Enfin le fonds se termine avec les activités des ateliers de la Fédération française (117AS/36-65) : dossiers de suivi des loges et ateliers de hauts-grades (classés par ordre numérique) et collection de planches et rapports (fédérations française et belge).

Période chronologique couverte

Les dates extrêmes sont comme souvent peu représentatives du fonds lui-même : si 1778 est bien la date du plus ancien document (une esquisse des travaux d'adoption de la loge « La Candeur »), celui-ci ne doit être considéré que comme un élément de documentation conservé au sein d'un fonds qui commence véritablement avec la création du Droit Humain en 1893. L'immense majorité des documents couvre la première moitié du XXe siècle (avec une prédominance pour les années 1920-1930). Quant aux documents postérieurs à 1940, ils sont extrêmement rares et semblent avoir été ajoutés par la Commission d'histoire du Droit humain quand elle a travaillé sur le fonds dans les années 2000.

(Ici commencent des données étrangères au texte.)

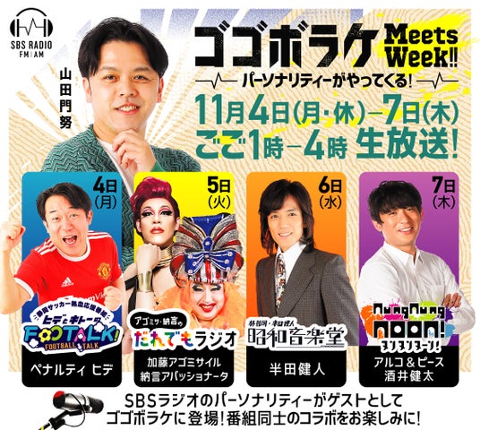 SBSラジオの平日午後ワイド『ゴゴボラケ』(毎週月‐木曜、午後1時‐4時生放送)が11月4日(月・祝)~7日(木)の4日間、同じSBSラジオで番組パーソナリティーを務める人物をゲストに招き、トークを展開する特別企画『Meets Week!!-パーソナリティがやってくる‐』を実施します!

Intérêt du fonds et perspectives de recherches

Le fonds du Droit humain constitue une source inédite sur nombre de sujets d'études. Il documente bien évidemment l'histoire du Droit humain en tant que tel, dans toutes ses évolutions, ses contradictions internes ou les aspects les plus concrets de sa gestion. Mais au-delà de cette histoire proprement maçonnique, ce fonds est aussi une porte ouverte sur les mentalités et les idéaux d'une partie de la population, qu'il reste à cerner et dont toutes les planches ou rapports des questions à l'étude des loges se font le reflet.

Les contours d'une sociabilité particulière, développée par les membres du Droit humain, sont également à prendre en compte, que ce soit dans les formes de rituels ou de fraternité qu'ils pratiquent ou dans les relations qu'ils entretiennent avec les autres maçons (non mixtes) et la société civile. La participation du Droit humain au mouvement pacifiste est un exemple parmi d'autres de l'implication des maçons dans les débats politiques qui agitent la première moitié du XXe siècle. On notera pour finir la richesse des "dossiers des ateliers", qui ouvrent des perspectives de connaissance sur plus d'une centaines de loges ou chapitres en France (et dans ses anciennes colonies) : la vie des ateliers et leurs travaux se laissent ainsi découvrir au plus près des frères et des soeurs qui les ont fréquentés.

Records creator's history

L'Ordre maçonnique mixte international du Droit humain est institué en tant qu'obédience maçonnique en 1893. Fondé par Maria Deraismes et Georges Martin il porte d'abord le nom de « Grande Loge symbolique écossaise mixte de France : Le Droit humain ». Sa raison d'être tient alors dans un mot : « mixité » ; il s'agit, en cette fin du XIXe siècle, de la seule instance maçonnique en France et même dans le monde à accepter les femmes au même titre et surtout à pied d'égalité avec les hommes.

Origines et mixité

La naissance du Droit humain doit se replacer dans le contexte de la franc-maçonnerie de la fin du XIXe siècle, encore exclusivement masculine. Les loges maçonniques, importées en France pendant le siècle des Lumières, s'alignent en cela sur la pratique de tous les pays sans exception. Certes la franc-maçonnerie française et notamment son obédience la plus emblématique, le Grand Orient, s'étaient voulu plus libérales, avec la création d'un rite propre et l'abandon de la référence au Grand architecte de l'univers, rompant ainsi avec la plupart des obédiences étrangères. Elle n'avait pas été jusqu'à s'ouvrir aux femmes pour autant, se contentant d'un soutien extérieur à la cause féministe. C'est cette tradition ou ce tabou que brisent en 1882 les frères de la loge « Les Libres penseurs » (située au Pecq, Yvelines et affiliée à la « Grande loge symbolique écossaise », obédience disparue depuis) en initiant Maria Deraismes, journaliste et militante féministe.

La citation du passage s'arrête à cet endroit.